Invitées à s’asseoir sur les deux tabourets, pourvu de cales-pieds pour éviter de dériver dans les airs, les solaires se dirigent vers le fond du module. Ney évolue dans les airs avec une aisance qui surprend les trois humains. Tsadir l'avait remarqué auparavant sans s'en inquiéter, mais avec ses pattes gecko et sa structure pouvant assurer une stature bipède ou quadrupède, elle dispose là d'un avantage terrible. Lorsqu’elle se glisse avec grâce et contrôle sur l’un des sièges, tous ressentent l'impression d'être pataud.
Plusieurs minutes s'écoulent, dans un silence pesant, avant qu'une femme ne fasse irruption. Bien qu'elle porte l'uniforme onusien, une petite tache rouge au-dessus de son nez rompt son aura impression de rigueur. Ses cheveux errant par l’absence de gravité, lui donnent l’air de s’être préparée en urgence. Mahertis dont le signal semble pénétrer la station sans rencontrer de résistance, annonce : « Toujours aucun vaisseau en approche, il ne s'agit probablement pas d'une bonne nouvelle. »
En effet, l'officier leur annonce que le vol transportant l'enfant a du être repoussé car un imprévu lui a fait manquer le vol suborbital qui devait l'emmener à la base de lancement de Kampala.

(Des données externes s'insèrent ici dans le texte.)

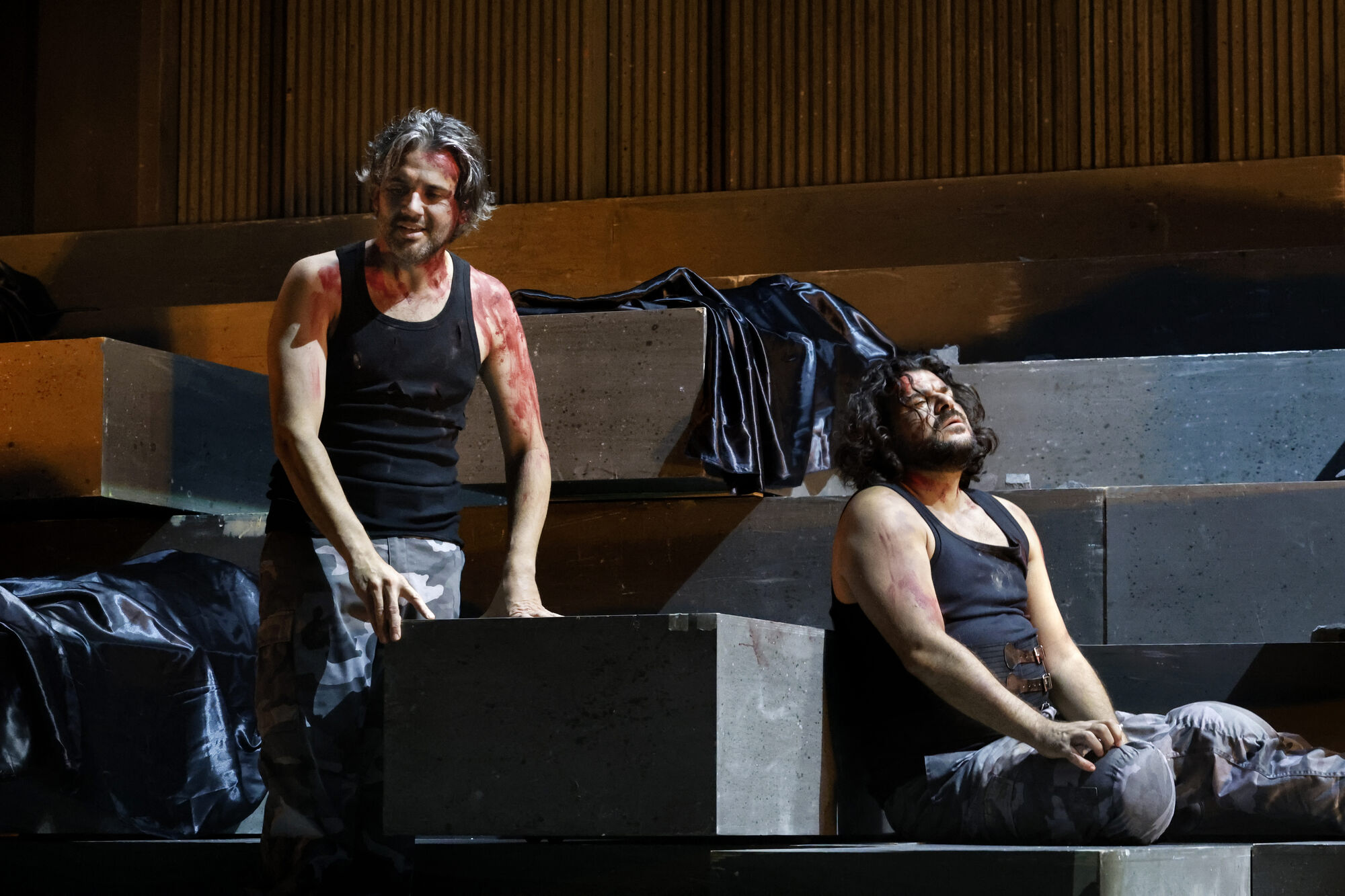 Karagedik sang Oreste with strong, masculine tone. His ‘Dieux qui me poursuivez’ was sung with real strength, the voice powering through, the text sung with so much feeling – those declamations of ‘Dieux, auteurs de mes crimes’ given such compelling force that one could not fail to be brought into Oreste’s world. The top was free and easy, capable of impressive amplitude. Karagedik was also fearless in his physicality, throwing himself around the stage with genuine abandon. The warmth between Karagedik and Van Mechelen’s Pylade was real and genuine, but I did wish that Villalobos had taken it a step further and explored the love between these two men more. That aspect felt underdeveloped in this staging. Van Mechelen sang Pylade’s music with the textual eloquence and beauty of line that one has come to expect of him. He soared with effortless ease and beauty in ‘Unis dès la plus tendre enfance’ displaying his supreme command of the passaggio, while his ‘Divinité des grandes âmes’ saw his tenor shooting out into the auditorium with forward placement and clarity of the text.

« D'où doit-il partir ? » demande l'agent des colonies. Effectuant quelques vérifications sur son interface de réalité augmentée, la femme lui répond avec hésitation qu'il devrait être au London Luton Airport. Des nouvelles plus précises devraient arriver, mais à priori le prochain vol est prévu pour le lendemain, sous réserve qu'il reste une place dessus.
Bien que les mots aient été correctement choisis, Ney n'entends pas exactement la même chose. Certaines hésitations, certains renforcements syllabiques involontaires et quelques intonations maladroites donnent un autre sens à cette réponse, au-delà des paroles. Sur le micro réseau, elle indique : « Ils tentent de gagner du temps, quelque chose est probablement en train de se dérouler sous notre nez. »
Plutôt que d'attendre un signal quelconque de l'onusienne, Tsadir prend les devant, se levant , stabilisée d’une seule main : « Passons sur le protocole bureaucratique. Il se passe quoi en bas ? » Ses habitudes de chef de la sécurité ont la vie dur et l'agent coloniale ne laisse plus rien au hasard depuis bien longtemps. Dans la plupart des cas, l'information est importante et la retenir est particulièrement suspect.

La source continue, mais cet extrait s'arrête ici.